> _What to do_: Restate the data below word for word. Skip any images it contains.

** Opening Provided data block **

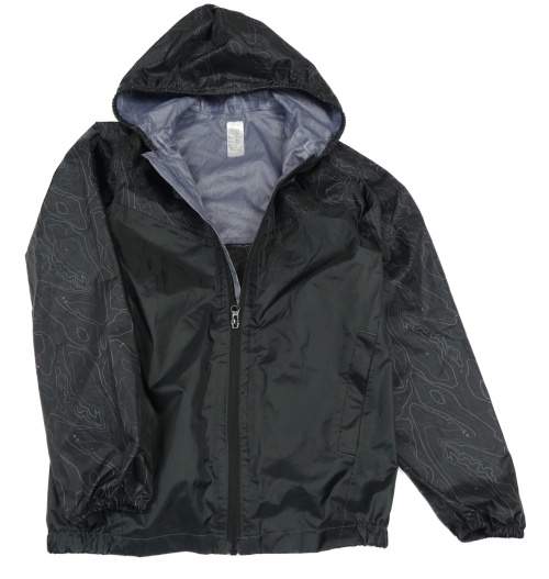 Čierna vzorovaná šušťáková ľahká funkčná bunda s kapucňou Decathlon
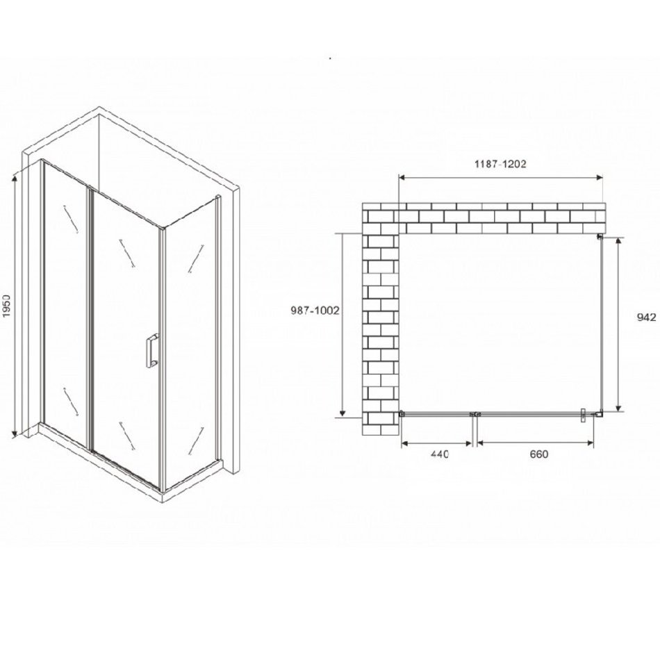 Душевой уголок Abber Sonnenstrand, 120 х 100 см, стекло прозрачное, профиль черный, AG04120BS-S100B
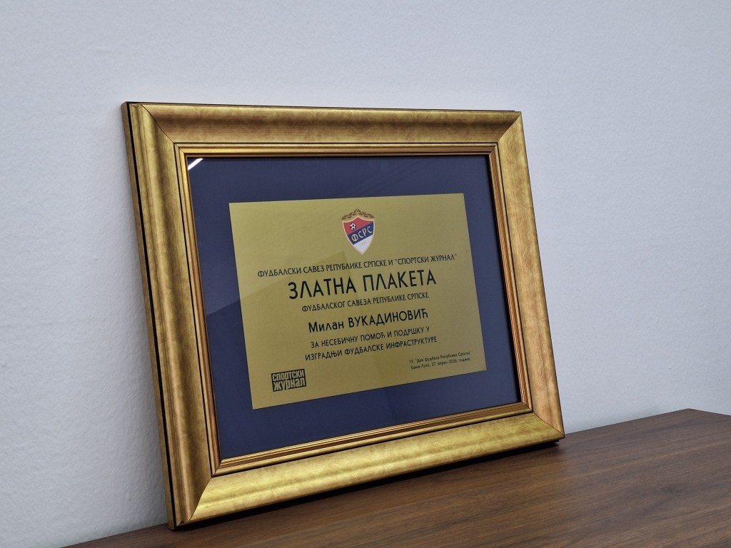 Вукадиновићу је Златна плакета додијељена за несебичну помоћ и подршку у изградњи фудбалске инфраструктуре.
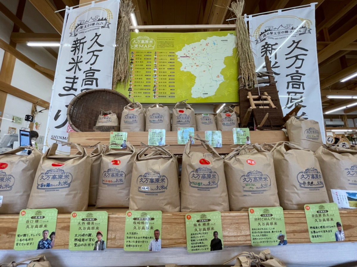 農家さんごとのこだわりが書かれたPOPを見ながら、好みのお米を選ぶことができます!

** Closing Provided data block **

> _Answer to this exercise_:
 Čierna vzorovaná šušťáková ľahká funkčná bunda s kapucňou Decathlon
 Душевой уголок Abber Sonnenstrand, 120 х 100 см, стекло прозрачное, профиль черный, AG04120BS-S100B
 Вукадиновићу је Златна плакета додијељена за несебичну помоћ и подршку у изградњи фудбалске инфраструктуре.
 農家さんごとのこだわりが書かれたPOPを見ながら、好みのお米を選ぶことができます!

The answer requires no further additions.